> [TASK DESCRIPTION]
Type out each record word for word. Pictures stay out.

(Beginning of DATASET CONTENT)

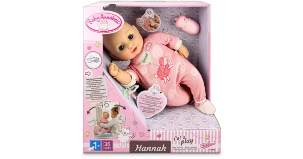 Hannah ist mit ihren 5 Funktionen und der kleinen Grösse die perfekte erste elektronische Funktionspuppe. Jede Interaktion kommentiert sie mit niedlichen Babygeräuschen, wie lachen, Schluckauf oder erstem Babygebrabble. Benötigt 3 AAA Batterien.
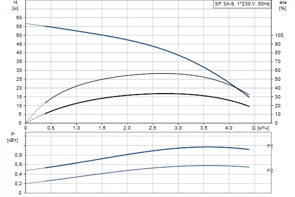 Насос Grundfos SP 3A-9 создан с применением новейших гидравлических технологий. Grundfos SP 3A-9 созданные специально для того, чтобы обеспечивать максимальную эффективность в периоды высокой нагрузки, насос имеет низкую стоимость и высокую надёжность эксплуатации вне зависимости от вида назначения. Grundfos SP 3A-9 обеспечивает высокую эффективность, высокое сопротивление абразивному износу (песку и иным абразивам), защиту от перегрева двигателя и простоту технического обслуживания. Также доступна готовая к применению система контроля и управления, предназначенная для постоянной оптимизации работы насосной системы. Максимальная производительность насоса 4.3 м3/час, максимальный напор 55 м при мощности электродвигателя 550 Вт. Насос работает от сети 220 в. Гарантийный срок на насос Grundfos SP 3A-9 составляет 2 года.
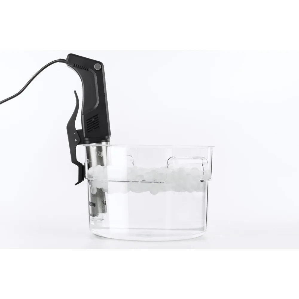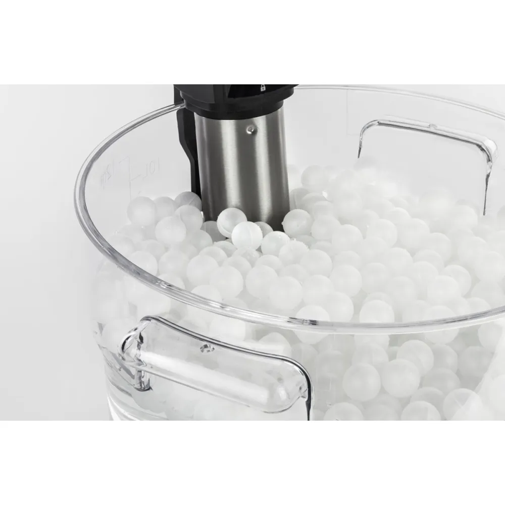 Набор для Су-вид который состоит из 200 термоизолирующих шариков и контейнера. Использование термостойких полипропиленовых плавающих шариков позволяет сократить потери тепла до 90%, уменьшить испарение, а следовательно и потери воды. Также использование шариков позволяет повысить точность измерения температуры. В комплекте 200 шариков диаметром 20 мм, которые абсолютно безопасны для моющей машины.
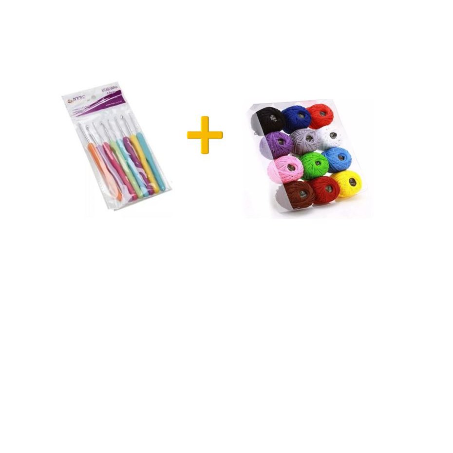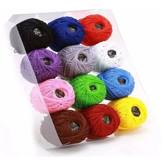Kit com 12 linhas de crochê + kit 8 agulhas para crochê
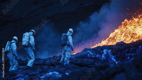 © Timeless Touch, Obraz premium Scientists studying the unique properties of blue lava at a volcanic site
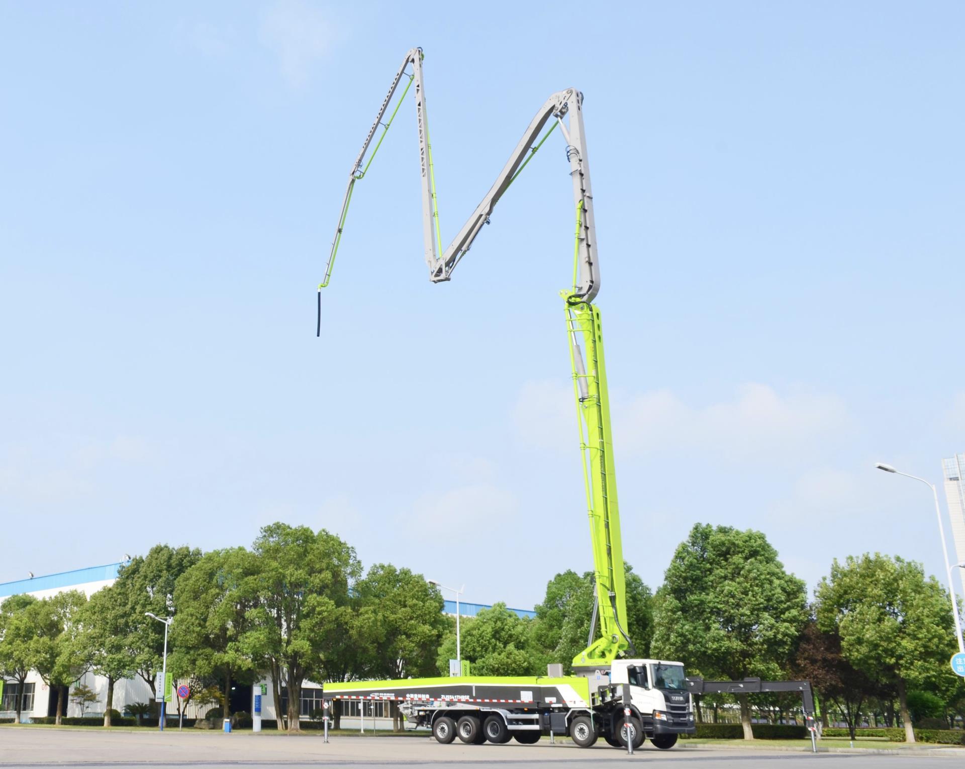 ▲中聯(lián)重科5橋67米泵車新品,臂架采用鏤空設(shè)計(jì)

(End of DATASET CONTENT)

> [TASK OUTPUT]
 Hannah ist mit ihren 5 Funktionen und der kleinen Grösse die perfekte erste elektronische Funktionspuppe. Jede Interaktion kommentiert sie mit niedlichen Babygeräuschen, wie lachen, Schluckauf oder erstem Babygebrabble. Benötigt 3 AAA Batterien.
 Насос Grundfos SP 3A-9 создан с применением новейших гидравлических технологий. Grundfos SP 3A-9 созданные специально для того, чтобы обеспечивать максимальную эффективность в периоды высокой нагрузки, насос имеет низкую стоимость и высокую надёжность эксплуатации вне зависимости от вида назначения. Grundfos SP 3A-9 обеспечивает высокую эффективность, высокое сопротивление абразивному износу (песку и иным абразивам), защиту от перегрева двигателя и простоту технического обслуживания. Также доступна готовая к применению система контроля и управления, предназначенная для постоянной оптимизации работы насосной системы. Максимальная производительность насоса 4.3 м3/час, максимальный напор 55 м при мощности электродвигателя 550 Вт. Насос работает от сети 220 в. Гарантийный срок на насос Grundfos SP 3A-9 составляет 2 года.
 Набор для Су-вид который состоит из 200 термоизолирующих шариков и контейнера. Использование термостойких полипропиленовых плавающих шариков позволяет сократить потери тепла до 90%, уменьшить испарение, а следовательно и потери воды. Также использование шариков позволяет повысить точность измерения температуры. В комплекте 200 шариков диаметром 20 мм, которые абсолютно безопасны для моющей машины.
Kit com 12 linhas de crochê + kit 8 agulhas para crochê
 © Timeless Touch, Obraz premium Scientists studying the unique properties of blue lava at a volcanic site
 ▲中聯(lián)重科5橋67米泵車新品,臂架采用鏤空設(shè)計(jì)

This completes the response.